The constantly growing interest in biography and the conviction that the subject possesses vital educational value have led the Administration to establish an independent department for its study, in charge of the Rev. Ambrose W. Vernon, professor of Biography in Carleton College, Northfield, Minn.
The department is to begin instruction in the fall and it is proposed to offer two courses in the first semester for juniors and seniors. One of the courses is entitled "Representative Men of Antiquity before the Christian Era" and deals with the founders of civilization. The men to be considered will probably be Confucius, Buddha, David, Jeremiah, Aeschylus, Socrates, Plato, Alexander, and Caesar.
The other course is called "Representative Modern Europeans" and deals with such men as Frederick the Great, Voltaire, Rouseau, Goethe, Ibsen, Pasteur, Nietzsche, and Tolstoi. It is proposed in the second semester to follow the first course with one on "The Men of Antiquity since the Christian Era" and the second with a course on "Representative Modern Americans." The method of instruction is to be largely class discussion based on reading done simultaneously by the students.

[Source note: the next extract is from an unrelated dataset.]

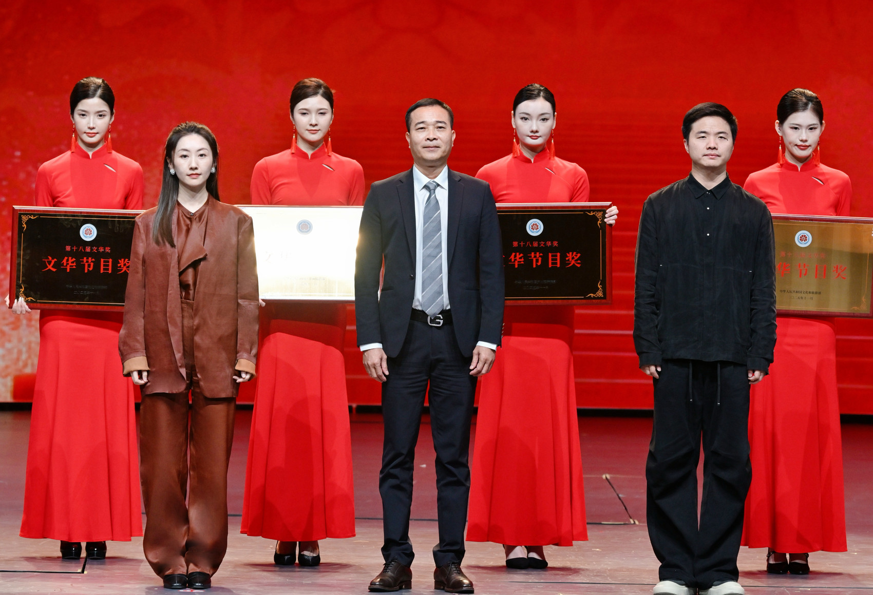 第十四届中国艺术节上,《玉盘》获文华节目奖,谭淇尹(前排左一)在领奖。受访者供图

The discussion will be supplemented when necessary by lectures.
Such a department as this has only recently appeared in the academic world. Five years ago the first department of the kind was established in Carleton College by a former member of the Dartmouth faculty. The experiment has proven sufficiently attractive to call for its establishment here in Dartmouth. The interest awakened by the courses of Professors Lingley and Joyce and by the analogous courses of Professor Stewart has prepared the way for the establishment of an independent chair.
The two underlying purposes of the department are to give its students a familiar acquaintance with some of the noblest characters of the ages and to make clear to them the main factors of human greatness on the basis of actual historic evidence as distinguished from speculation and ethical theory.